Se lui venisse a chiedervi il perché della faccia triste, allora sì sareste autorizzate a riempirlo di parole per qualche minuto, magari partendo prima con qualche domanda da parte vostra. E sarebbe un ottimo inizio. Altrimenti, meglio non provarci.

E sui social…

Ultima annotazione sull’argomento. Se lui poi vi chiede l’amicizia su Facebook e vi scrive su quel social network, o – dopo essersi fatto passare il numero – vi contatta su WhatsApp, è un ottimo segnale. Quello è il momento per vedere se ha interesse per quello che dite.

Certo, sui social non si possono imbastire discorsi molto lunghi, ed è meglio partire in maniera cauta, con messaggi brevi. Ma se vi dà corda, e se vi sta a sentire, è ottimo.

 

4. Occhio ai complimenti

Procediamo più velocemente con gli ultimi due consigli, che in parte si rifanno a quanto già detto. In primo luogo, i maschi parlano poco ma, soprattutto se siete nelle primissime fasi della conoscenza, dovete prestare massima attenzione a quello che dicono. E soprattutto ai complimenti che vi fanno.

Sì, perché i maschi lesinano anche quelli, di solito. Quindi anche il complimento più vago, a cui magari potreste non dare peso, può invece avere un significato. Ad esempio, un ragazzo che elogia la vostra maglietta è piuttosto raro, perché di solito nemmeno si accorgono di cosa indossate.
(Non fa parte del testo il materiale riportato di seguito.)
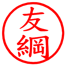 [朱肉の色]を選び、入力窓に“友綱”と入力して[生成]ボタンを押すと、印影が更新され、リンクから電子印鑑(デジタル印影)がダウンロードできます。 電子印鑑「友綱」の作り方文字表示が変なときや、文字バランスが悪いときは[字形切替]のチェックボックスでON/OFFを切り替え[生成]しなおしてください。 生成される画像は通常の印影「友綱.png」と、にじみを表現した少し太めの印影「友綱B.png」の背面透過PNG形式2種と、鮮明なPDF形式の印影「友綱.pdf」の計3種類です。 朱肉の微妙な色の違いを7色で表現しました。デフォルト(左端)は、JISが定めた朱肉の色のマンセル値(7.5R 5/14)をRGB値(217,66,54)に変換したものになっています。 「電子透かし」にチェックを入れて[生成]ボタンを押すと、タイムスタンプを電子透かしとして埋め込んだセキュアな電子印鑑が作れます。詳細は別ページの「タイムスタンプと電子透かし」でご覧ください。 友綱さんの日付印が作れます。「日付スタンプメーカー」は、社内向けの書類に利用されることの多い日付印(データ印)が無料で作れるWebアプリケーションです。中段に日付が入り、上段と下段は、ともに8文字まで文字が入ります。 ![]() 古代文字で落款印が作れます。「落款スタンプメーカー」で作品を引き立たせる落款印が作れます。

Capire attraverso i complimenti
Quindi i complimenti per i vostri vestiti, per la vostra bici, per il modo in cui ballate e così via sono in realtà complimenti rivolti a voi. Quando poi si scende sul personale (sorriso, occhi, taglio di capelli eccetera) allora siete a cavallo.

 

5. Cosa fanno i suoi amici?

Infine, attenzione massima anche ai suoi amici. Magari non subito, non nella prima serata in cui avete incrociato gli sguardi, ma dalle volte successive. I maschi, l’avrete capito, sono animali in realtà piuttosto rudimentali, semplici.

Non si sanno gestire, e quindi finiscono per ingarbugliare tutto, ma se si scava un po’ sono abbastanza elementari. Per questo, non sono quasi mai capaci di tenere per sé una cotta o una simpatia particolare, e presto o tardi ne parlano con gli amici più fidati.

Come capirlo? Ma tramite il comportamento dei suoi amici, come dimostrano molti film
Ora, se il ragazzo innamorato tende, giustamente, a mescolare le carte e a non esporsi troppo, lo stesso non si può dire dei suoi amici. Che anzi, il più delle volte finiscono per smascherare le intenzioni del malcapitato.

Quindi se siete in dubbio sui sentimenti di un ragazzo che conoscete appena, provate ad osservare come si comportano i suoi amici quando lui chiacchiera con voi. Se si danno di gomito, se vi indicano e se fanno qualche battuta tra loro, state certe che avete fatto colpo.